Healthy ageing could be advantageous and therefore positively selected for, if parents can influence improved fertility and/or survival of their children, grandchildren and/or other family members. The “Grandmother hypothesis” argues that caregiving by older women who underwent menopause could improve grandchildren’s survival by alleviating the child burden of their daughters, who in turn could have more successful/numerous pregnancies and offspring. Therefore, mothers and grandmothers have assumed and continue to play a key role in the care/survival of offspring and grandchildren, by contributing to their health, by providing nutrition and by passing on traditional habits and hygienic guidelines. These practices and life-style behaviours have life-long effects starting from intrauterine life and may modulate health status and lifespan in advanced age. However, it is also important to consider that mothers and grandmothers may also have a negative influence on offspring (by not breastfeeding, smoking and drinking alcohol, drug abuse, unbalanced diets, among other factors).

In any case, mothers do have the role and responsibility of providing the first nine months of environment to human beings. A uterine environment is sensitive to any type of metabolic, infectious and stressful event affecting the mothers, and is now recognized to be developmentally crucial in establishing a variety of set points (metabolic and epigenetic among others) in the offspring, which in turn may have long-term biological effects, as predicted by the hypothesis of the foetal origin of many diseases in adulthood and old age.

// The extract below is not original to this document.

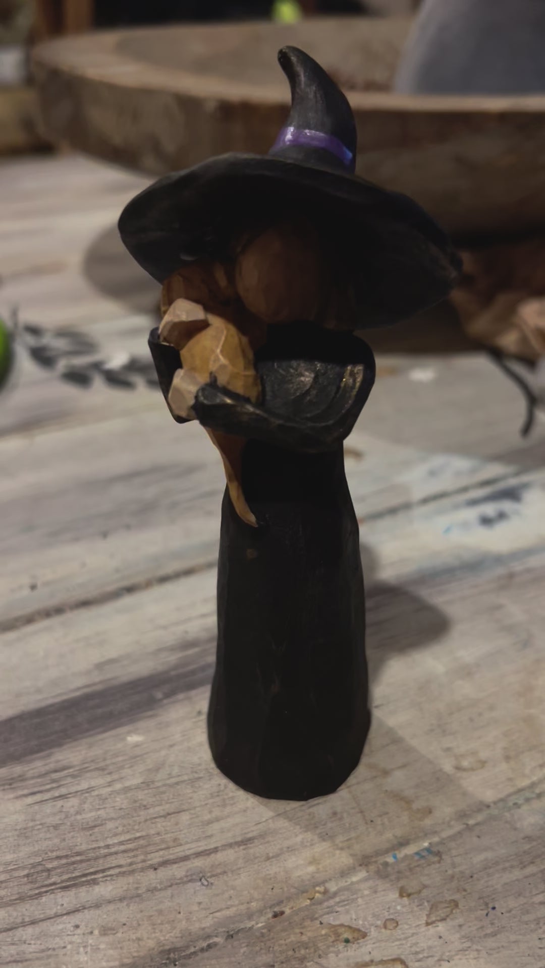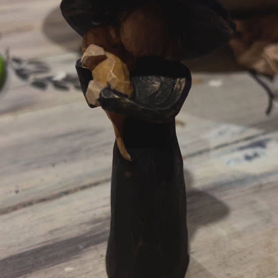 Expertly handpainted by Sara, this Halloween little witch figurine stands at 5 inches tall and 2 inches wide. Made from upcycled materials, it features an adorable witch holding her puppy. A unique addition to any Halloween decor.
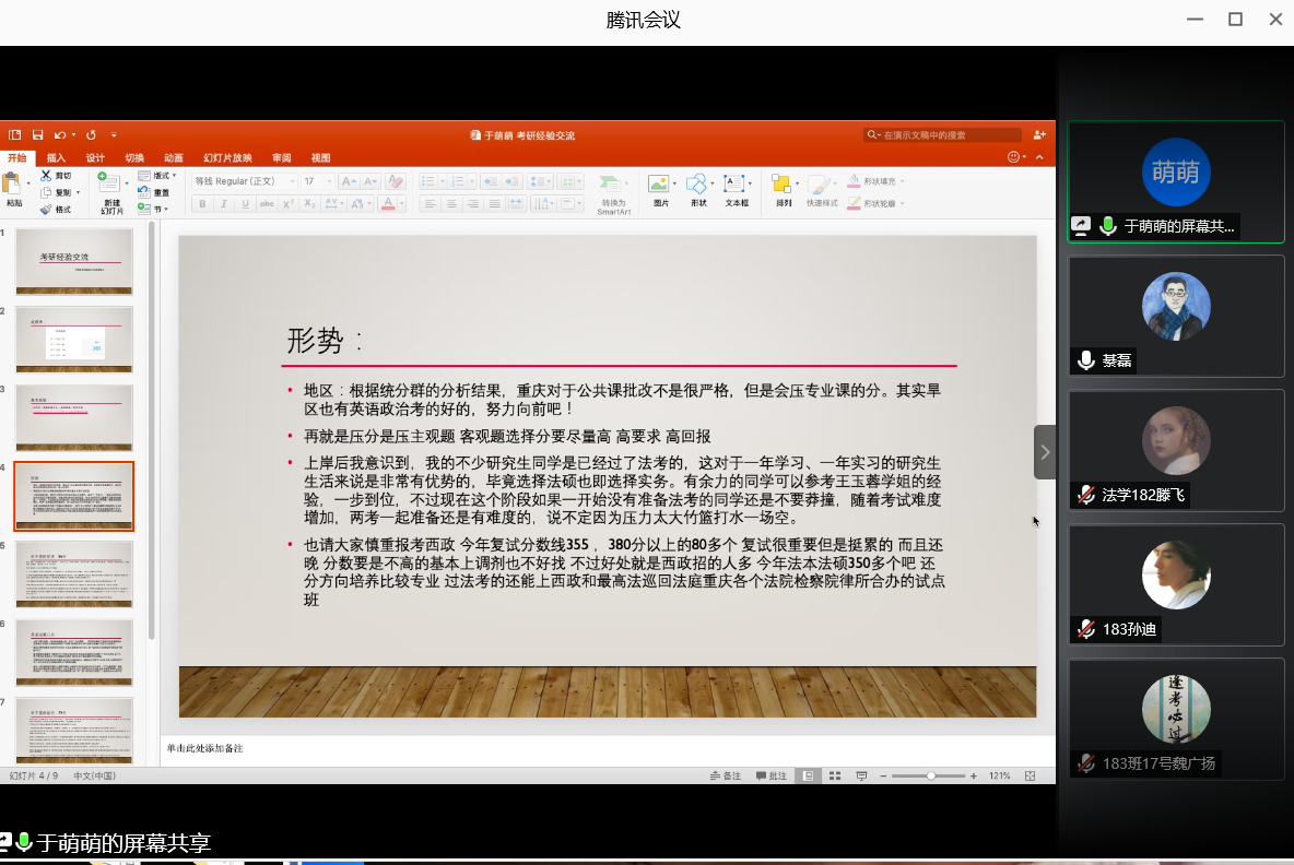 交流会分为经验分享和自由交流两个环节。在经验分享环节,被保送至华东政法大学的于畅同学和李丹丹同学、考取中国政法大学的周筱涵同学、考取华东政法大学的王雨晨同学、考取西南政法大学的于萌萌同学、考取暨南大学的王新月同学、考取烟台大学的向文轩和闫丽丽同学、考取大连海事大学的杨晓玉同学、考取中国海洋大学王玉蓉同学、考取青岛科技大的李奕萱和李凯同学,围绕着公共课、法律硕士和法学硕士的初始和面试环节分享经验。在自由交流环节,同学们围绕着英语备考、时政热点、不同高校法学硕士的题型与知识重点等方面进行交流。

All the existing data suggests that one of the most powerful strategies for reaching exceptional longevity is to be female. Women live longer than men because they die at lower rates20, but they pay for their survival advantage with a worse quality of life due to the increased prevalence of a variety of non-lethal pathological conditions. Old women display a higher overall rate of physical disability and are more likely than men to report difficulties in walking, climbing stairs and other common activities20. This gender dichotomy in ageing is confirmed by the centenarian model, of which females form the majority, but are characterized by poorer health as well as more impaired functional and cognitive status indicating that, even in the last phase of human life, gender is probably the most important variable of lifelong health status. This final consideration is in our opinion the most robust scientific justification for starting a new journal specifically focused on gender-specific medicine, an emerging, current and somewhat neglected topic which we are beginning to appreciate in its fascinating complexity and which deserves much more attention than we previously thought.